There was a tension between them now of a different nature entirely, and _entirely unspoken_. Hands and glances lingered. Thighs pressed together warmly on the couch. Smiles curved softer at the corners. Silences, which had previously been easy and empty, were now placeholders for words unsaid and filled with…implication.

Talk about Seth’s relationship was still fragile ground, so Calvin tiptoed around it—he was terrified of endangering the latest step forward. He never asked, only nodded along in interest when his friend volunteered information. Calvin never said a bad word against Priya, and never, ever pried. He didn't even ask after her, since Seth still had it in his mind that Calvin had wanted Priya for himself when this all started. He didn’t bother to correct him. In all honesty, he’d lost that right when he’d spiraled into a jealous snit over Seth looking away from him for a moment.

Much longer than a moment, as it continued to trend, but Calvin pointedly tried not to think about that. Instead, he focused on those new, gentle moments shared between them.

Perhaps that’s why it took him so long to notice something was wrong.

“Priya doesn’t like that I spend so much time over here. She misses eating together as often as we did when…you know. We were fighting.” Seth refused to meet Calvin’s eyes.

“Why don’t you invite her over to dinner with us, then?” The words escaped Calvin’s mouth before he could corral them. He held his breath and focused intently on checking the email on his phone, bracing for the inevitable “no”; readied himself to pretend that it wasn’t a big deal.

“…You know what, yeah. You can finally meet each other outside of work.”

Releasing his breath, Calvin smiled broadly. “It should be good for all of us.”

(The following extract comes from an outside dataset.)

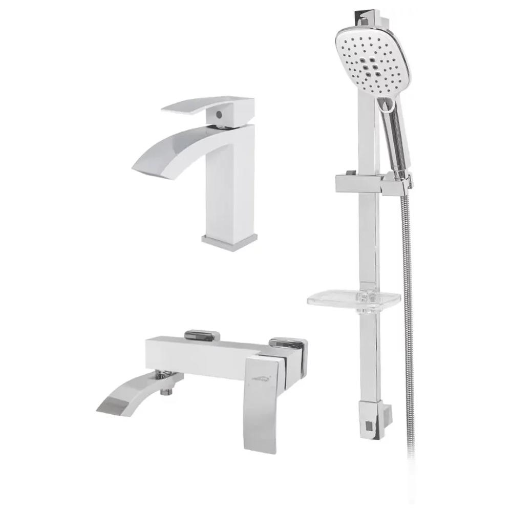 смеситель для раковины, смесителья для ванны, штанга для душа с держателем лейки, душевая лейка, шланг для душа

The dinner was set for Saturday night, and Clavin didn’t think much else about it. At least, not until he noticed Seth’s mood, which continually darkened as the days marched onward towards the weekend.

“Look, if you want to cancel, I’d understand. Maybe it’s too soon—”

“Don’t worry about it, man. Everything will go smoothly.”

Scoffing, Calvin stared Seth down. “I bet you a dollar this dinner goes straight to hell. I’ll win before dessert, too, if your mood keeps nosediving. Cancel while you still can. We can always reschedule.”

“No. You’re important to me. You’re part of my life and she should respect that.”

Seth’s choice of words gave Calvin pause. _Interesting_. Perhaps…Calvin himself wasn't as much of a problem as he’d been thinking. Priya seemed to have contributed her own issues to the already muddy waters.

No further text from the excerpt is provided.